250bpm

You cannot have at-least-once broadcast

I've written down this argument several times before but I think repeating it over and over until people internalise it is worth it.

On this particular ocassion I was inspired by Tyler Treat's "You cannot have exactly-once delivery" which isn't very formal but boils down to "you can't have exactly-once delivery and side effects at the same time". It's something that would be really nice to prove formally at some point.

Anyway, my "proof" tackles a bit different problem: Ability to do at-least-once broadcast, whether with side effects or without them. It goes like this.

Imagine the simplest possible case: Alice is sending messages to Bob and Carol. As long as there is no partition both Bob and Carol receive exactly the same stream of messages.

So far so good, but what happens if Carol loses connectivity?

One possibility is that Alice stops sending messages altogether until the connectivity is reestablished. In such case Bob is not getting any messages because Carol (who he may not even know — she's a friend of Alice, but wasn't introduced to Bob) is offline.

It's not clear whether that's a good thing or a bad thing, however, if you replace Bob and Carol by 100,000 customers the issue becomes obvious: It's not acceptable to stop serving 99,999 customers just because one of them is offline. Actually, if you have 100,000 customers at least one is guaranteed to be disconnected at any given time. Which means no messages are delivered, ever.

Ruling that option out, there's an alternative solution: Send the message to Bob even if Carol is offline and store the message to Carol for later delivery.

The part that most people don't take into consideration is that storage is limited. Hard disks may be cheap nowadays but if Carol is offline indefinitely you will eventually run out of disk space. And with 100,000 customers you will run out of disk space much faster.

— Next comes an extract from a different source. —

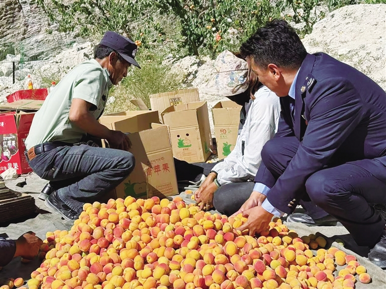 七月的底雅鄉(xiāng),昆侖山的融雪順著溝壑淌進果園,滋潤著枝頭累累碩果。阿里地區(qū)稅務(wù)局駐丁固村工作隊將紅色宣傳旗插在鄰村什布奇村的杏林邊,與金燦燦的果實相映成趣。駐村隊員們和村民們一同蹲在田埂上,他們圍繞特色林果業(yè)發(fā)展這一主題,用通俗易懂的方式講解稅費政策,讓村民們聽得懂、記得住、用得上。

The only thing you can do at the point where you run out of the storage space — if you don't want to lose messages — is to block sending to *all* recepients. Which means that we are back to the previous scenario where Bob is not getting messages because Carol is offline.

You can try to solve the problem by assuming that the storage is unlimited. However, if you really want to be honest with yourself, what it really means is: "We have a 24/7 team of ops people who start paniciking when we are getting close to the disk space limit. Eventually, they will send an intern to the store next door to buy an additional hard disk."

And when you put it that way, it's clear that the argument is not valid. If it was you could have a CAP database: Just have some people to watch it and fix the problems as they happen.

As a conclusion, you cannot have these three things at once: Broadcast and at-least-once delivery and partitions.

And now it's time to play the trick that CAP theorem once did: Let's take the problem understood to be unsolvable by experts but generally expected to be solved by the software infrastrucure. Let's devise a explicit theorem (BAP theorem in our case) that proves that problem can't be solved. Finally, let's ridicule everyone that assumes the opposite until the theorem becomes general knowledge.

September 6th, 2015